FROM THE MAG: Neesham is one of the funniest and most outspoken international cricketers. The Kiwi allrounder talks in our September magazine about being a T20 finisher, the upcoming World Cup, and why he'll never get over the 2019 World Cup final
This is an abridged version of James Coyne's interview with Jimmy Neesham that features in our September 2022 magazine. To read the full version, grab a copy of the magazine by clicking here.
You're no longer in New Zealand's Test set-up, but surely you found time to watch this summer's Test series?
Yeah, I watched parts. Obviously the second at Trent Bridge was a really, really good Test match, the sort of game that will bring fans back to Test cricket. I'd have liked to see New Zealand come out on the right side of it, but you have to put your hands up and say well played to the England guys. Anytime you have a game like that and look back at parts of the game you could have done differently. But the nature of the game is that you have to look forward to the next challenge.
You tend to bat down at No.6 for New Zealand and in franchise cricket, but obviously Northants used you as their floating dangerman...

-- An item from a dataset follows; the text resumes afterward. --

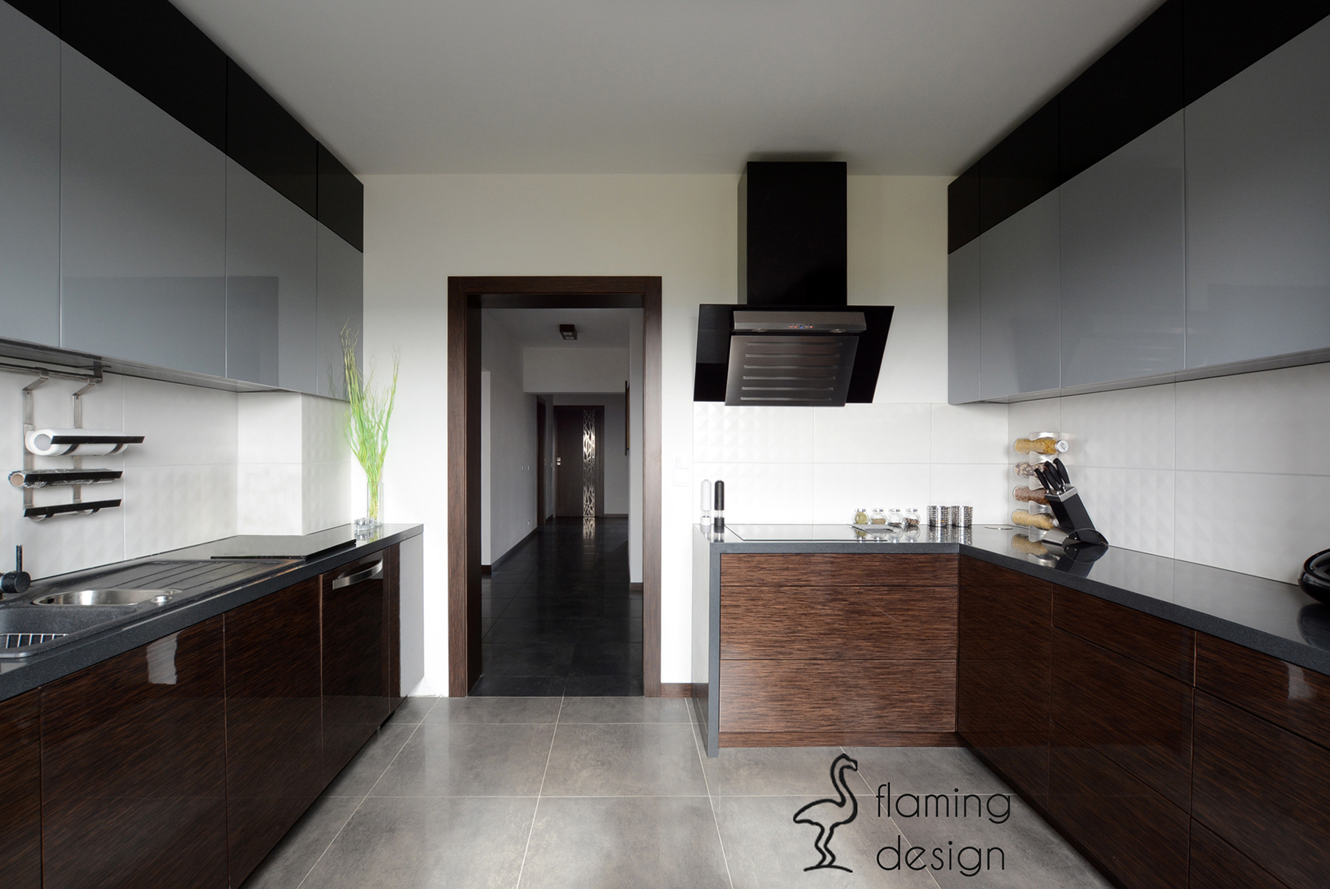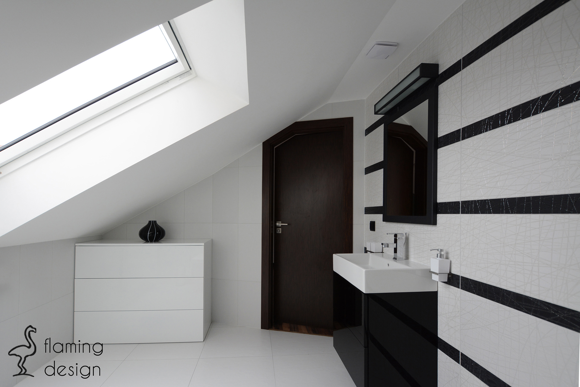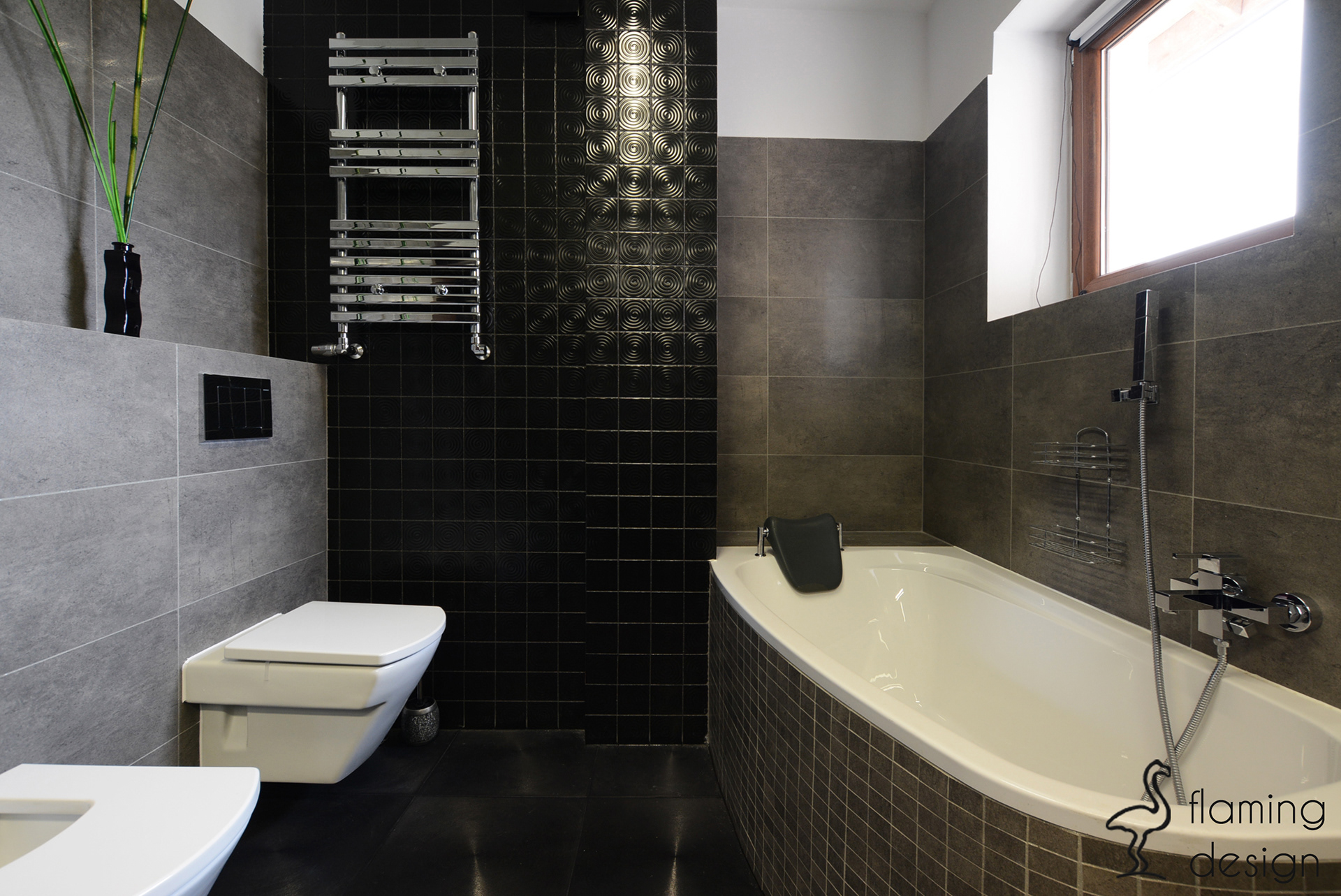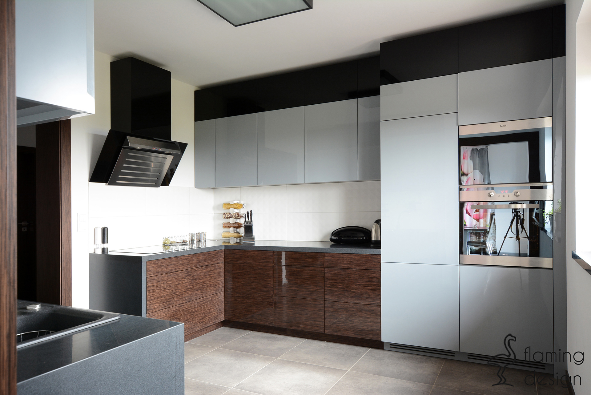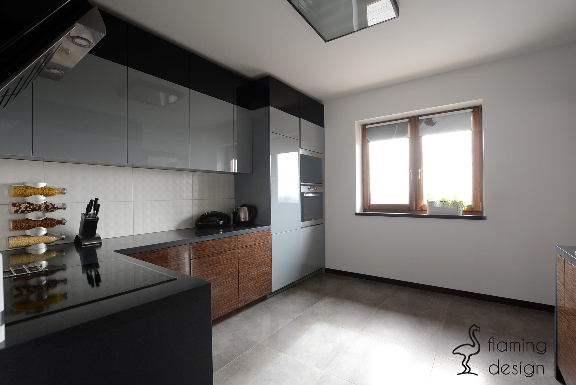 Projekt wnętrz obejmował kuchnię oraz dwie łazienki. W kuchni nie można było zmienić umiejscowienia sprzętów kuchennych, ale zdecydowano się na umiejscowienie piekarnika, mikrofalówki oraz lodówki w zabudowie pionowej. Inwestorzy marzyli o szarej kuchni, która została przełamana fornirem w kolorze orzecha oraz czarnymi elementami. Na polerowanych frontach szafek odbija się światło, przez co kuchnia nie wydaje się za bardzo ciemna. W łazience na parterze inwestorzy wybrali czarne płytki na podłogę, do nich dobrano szare i czarne płytki na ściany. Łazienka na poddaszu jest jaśniejsza, na jednej ze ścian zaprojektowano białe płytki z czarnymi pasami o ciekawym wzorze.

Yeah, absolutely. It's the nature of being an allrounder or a finisher. Your role changes a lot depending on how the innings is set up. My ideal entry point in a T20 innings is about the 11th or 12th over. I think it's a necessity based on the team. The lower down you get in a T20 batting order, the harder it is to bat. But when you've got someone as accomplished as Chris Lynn or Josh Cobb at the top it allowed me to focus on a finisher role and generating a strike-rate down the bottom, which is one of the more difficult parts of T20 cricket.
Do you want to get up the order at some stage? The nature of batting lower down is that you tend not to rack up big scores. People will be surprised that your highest T20I score is 48 not out.
In the past potentially I wanted to get up the top of the order and be at the top of the run-scoring charts, because it forwards you individually. But as I've got older I've got more comfortable focusing on that role at the bottom. You might only score 200 runs in a league season, compared to someone at the top scoring 500, but those 200 might be the winning and losing of games based on 20s and 25s. My focus is much more getting the job done in the wins column.
Was the semi-fiinal win over England in the last T20 World Cup – when New Zealand chased 57 in the last four overs, with six balls to spare – the most extreme example?
Yeah, it's the perfect example. You come in at the back end of a game and have the perfect chance to change the result of that game. You might get 20-something [27 off 11 balls in this case] and it doesn't appear that great on the career stats, but you're through to a final. So you focus on those results and trust the culture in the group will back you up when your stats don't look that great, but you're doing a role for the team that's quite important. That's one thing New Zealand cricket has focused on well in the past, and I try to bring it to each team I play for round the world.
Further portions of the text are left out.